» **What needs to be done**
Transcribe the entries below with complete accuracy, excluding the pictures.

» **Stored items**
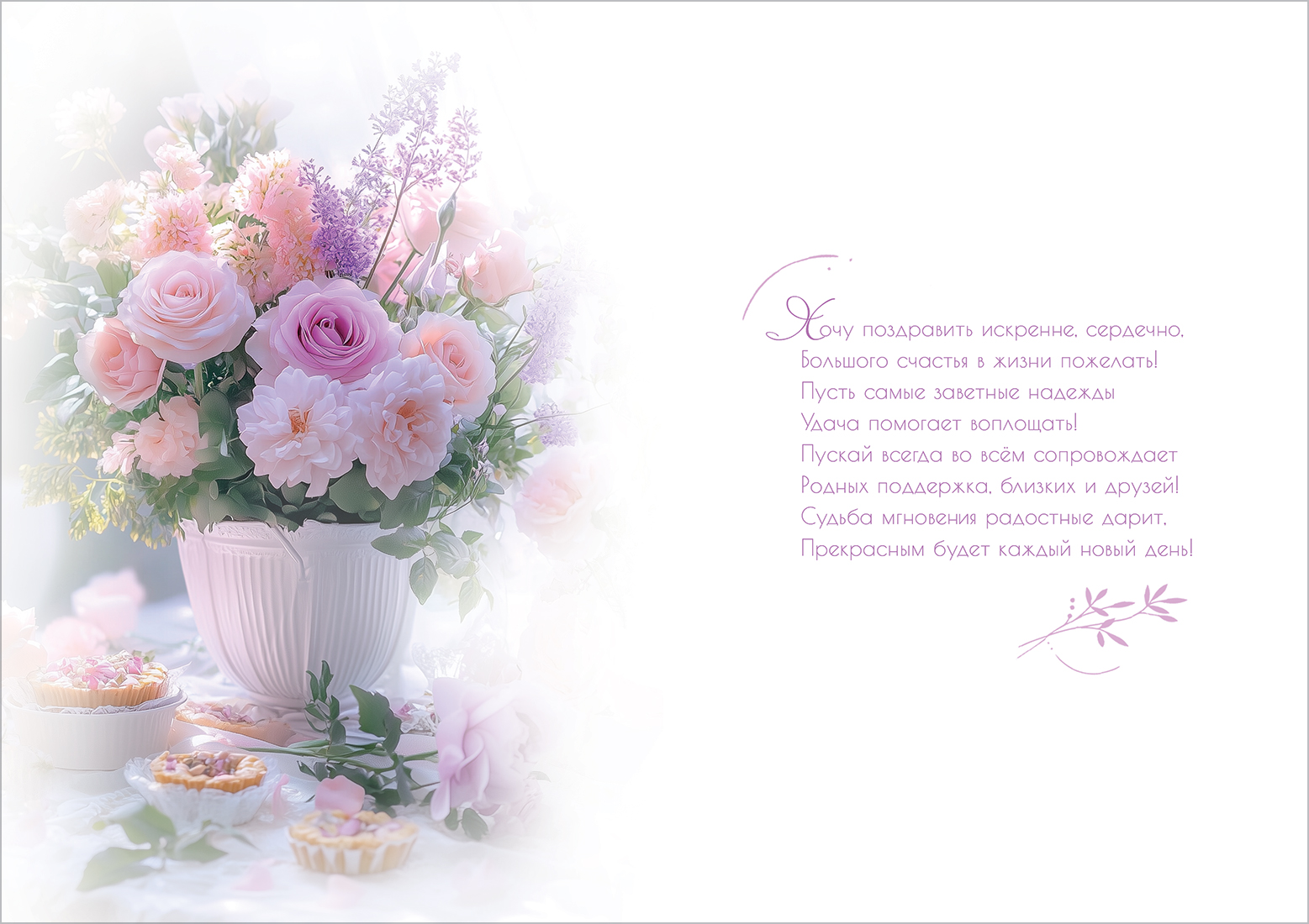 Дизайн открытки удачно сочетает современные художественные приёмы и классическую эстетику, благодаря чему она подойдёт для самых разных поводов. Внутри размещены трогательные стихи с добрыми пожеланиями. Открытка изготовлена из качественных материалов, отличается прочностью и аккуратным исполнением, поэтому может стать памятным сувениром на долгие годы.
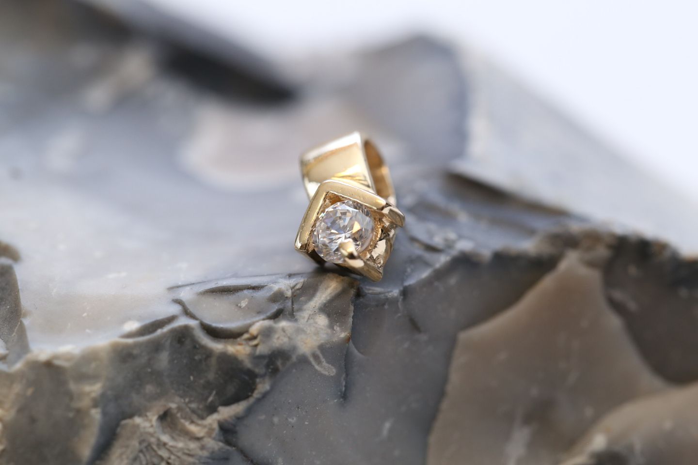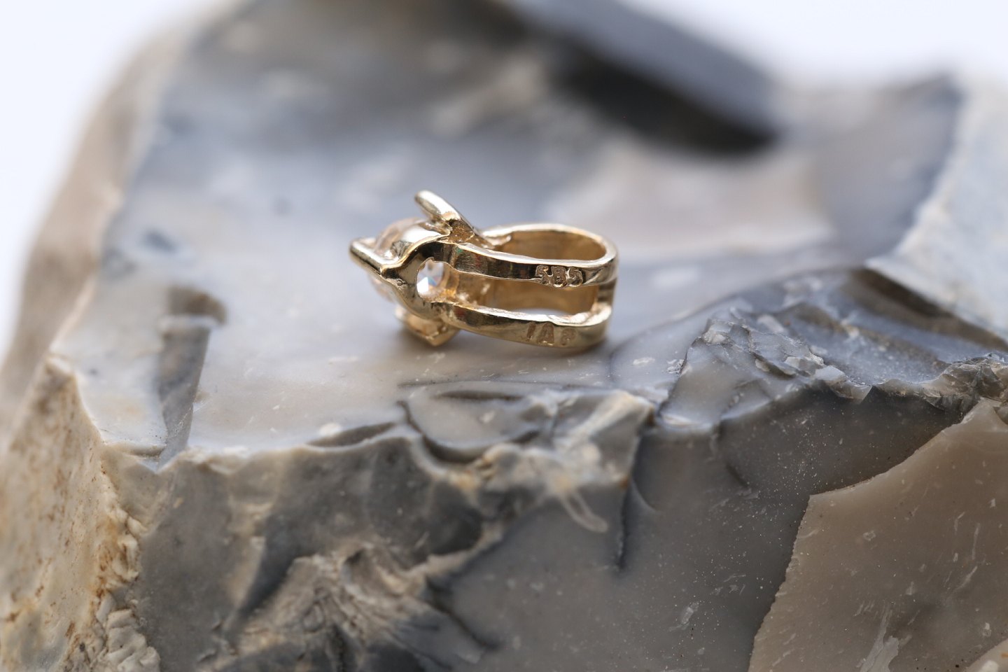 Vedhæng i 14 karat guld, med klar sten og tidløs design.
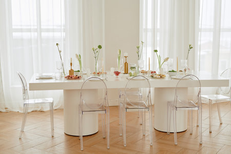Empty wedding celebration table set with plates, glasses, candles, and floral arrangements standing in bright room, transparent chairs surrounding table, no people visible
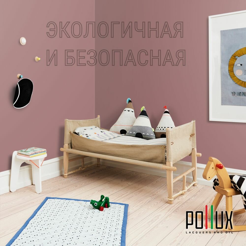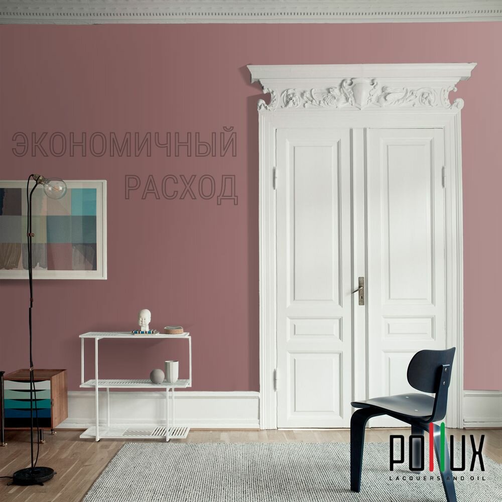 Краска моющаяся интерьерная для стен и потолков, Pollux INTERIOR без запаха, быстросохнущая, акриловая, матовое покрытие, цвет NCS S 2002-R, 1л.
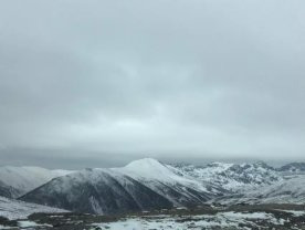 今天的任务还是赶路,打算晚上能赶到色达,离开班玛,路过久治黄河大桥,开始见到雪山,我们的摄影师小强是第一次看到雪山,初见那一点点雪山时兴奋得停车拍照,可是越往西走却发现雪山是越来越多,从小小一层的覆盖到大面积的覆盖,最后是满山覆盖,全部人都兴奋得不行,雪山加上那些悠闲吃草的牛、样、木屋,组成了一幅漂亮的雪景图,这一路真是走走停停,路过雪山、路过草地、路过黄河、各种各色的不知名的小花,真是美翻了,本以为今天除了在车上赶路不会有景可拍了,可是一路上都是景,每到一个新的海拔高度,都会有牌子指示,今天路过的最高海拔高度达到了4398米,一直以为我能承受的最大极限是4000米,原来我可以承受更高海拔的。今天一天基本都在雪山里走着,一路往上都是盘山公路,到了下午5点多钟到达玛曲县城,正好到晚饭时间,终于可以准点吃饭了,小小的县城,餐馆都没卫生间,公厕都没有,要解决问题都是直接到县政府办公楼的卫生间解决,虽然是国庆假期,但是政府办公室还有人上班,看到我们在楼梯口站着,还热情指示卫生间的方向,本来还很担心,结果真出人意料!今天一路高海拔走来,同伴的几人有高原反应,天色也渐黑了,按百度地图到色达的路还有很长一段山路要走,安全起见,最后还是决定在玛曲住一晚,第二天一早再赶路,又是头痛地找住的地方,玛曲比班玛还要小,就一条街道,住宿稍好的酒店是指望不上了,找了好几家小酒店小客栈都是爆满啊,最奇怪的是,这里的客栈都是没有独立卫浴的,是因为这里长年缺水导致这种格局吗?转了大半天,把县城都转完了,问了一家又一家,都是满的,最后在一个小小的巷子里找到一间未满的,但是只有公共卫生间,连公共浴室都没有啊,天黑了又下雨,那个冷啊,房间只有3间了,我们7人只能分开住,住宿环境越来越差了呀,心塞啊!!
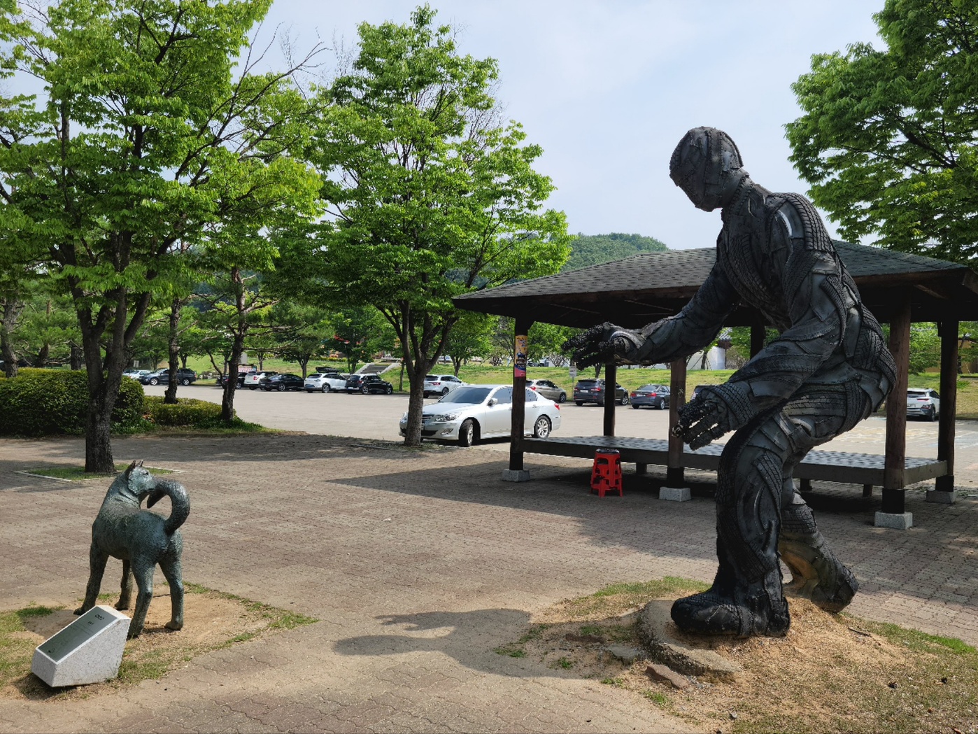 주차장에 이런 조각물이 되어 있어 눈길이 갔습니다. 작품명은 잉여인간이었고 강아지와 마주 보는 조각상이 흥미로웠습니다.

» **Exercise result**
 Дизайн открытки удачно сочетает современные художественные приёмы и классическую эстетику, благодаря чему она подойдёт для самых разных поводов. Внутри размещены трогательные стихи с добрыми пожеланиями. Открытка изготовлена из качественных материалов, отличается прочностью и аккуратным исполнением, поэтому может стать памятным сувениром на долгие годы.
 Vedhæng i 14 karat guld, med klar sten og tidløs design.
Empty wedding celebration table set with plates, glasses, candles, and floral arrangements standing in bright room, transparent chairs surrounding table, no people visible
 Краска моющаяся интерьерная для стен и потолков, Pollux INTERIOR без запаха, быстросохнущая, акриловая, матовое покрытие, цвет NCS S 2002-R, 1л.
 今天的任务还是赶路,打算晚上能赶到色达,离开班玛,路过久治黄河大桥,开始见到雪山,我们的摄影师小强是第一次看到雪山,初见那一点点雪山时兴奋得停车拍照,可是越往西走却发现雪山是越来越多,从小小一层的覆盖到大面积的覆盖,最后是满山覆盖,全部人都兴奋得不行,雪山加上那些悠闲吃草的牛、样、木屋,组成了一幅漂亮的雪景图,这一路真是走走停停,路过雪山、路过草地、路过黄河、各种各色的不知名的小花,真是美翻了,本以为今天除了在车上赶路不会有景可拍了,可是一路上都是景,每到一个新的海拔高度,都会有牌子指示,今天路过的最高海拔高度达到了4398米,一直以为我能承受的最大极限是4000米,原来我可以承受更高海拔的。今天一天基本都在雪山里走着,一路往上都是盘山公路,到了下午5点多钟到达玛曲县城,正好到晚饭时间,终于可以准点吃饭了,小小的县城,餐馆都没卫生间,公厕都没有,要解决问题都是直接到县政府办公楼的卫生间解决,虽然是国庆假期,但是政府办公室还有人上班,看到我们在楼梯口站着,还热情指示卫生间的方向,本来还很担心,结果真出人意料!今天一路高海拔走来,同伴的几人有高原反应,天色也渐黑了,按百度地图到色达的路还有很长一段山路要走,安全起见,最后还是决定在玛曲住一晚,第二天一早再赶路,又是头痛地找住的地方,玛曲比班玛还要小,就一条街道,住宿稍好的酒店是指望不上了,找了好几家小酒店小客栈都是爆满啊,最奇怪的是,这里的客栈都是没有独立卫浴的,是因为这里长年缺水导致这种格局吗?转了大半天,把县城都转完了,问了一家又一家,都是满的,最后在一个小小的巷子里找到一间未满的,但是只有公共卫生间,连公共浴室都没有啊,天黑了又下雨,那个冷啊,房间只有3间了,我们7人只能分开住,住宿环境越来越差了呀,心塞啊!!
 주차장에 이런 조각물이 되어 있어 눈길이 갔습니다. 작품명은 잉여인간이었고 강아지와 마주 보는 조각상이 흥미로웠습니다.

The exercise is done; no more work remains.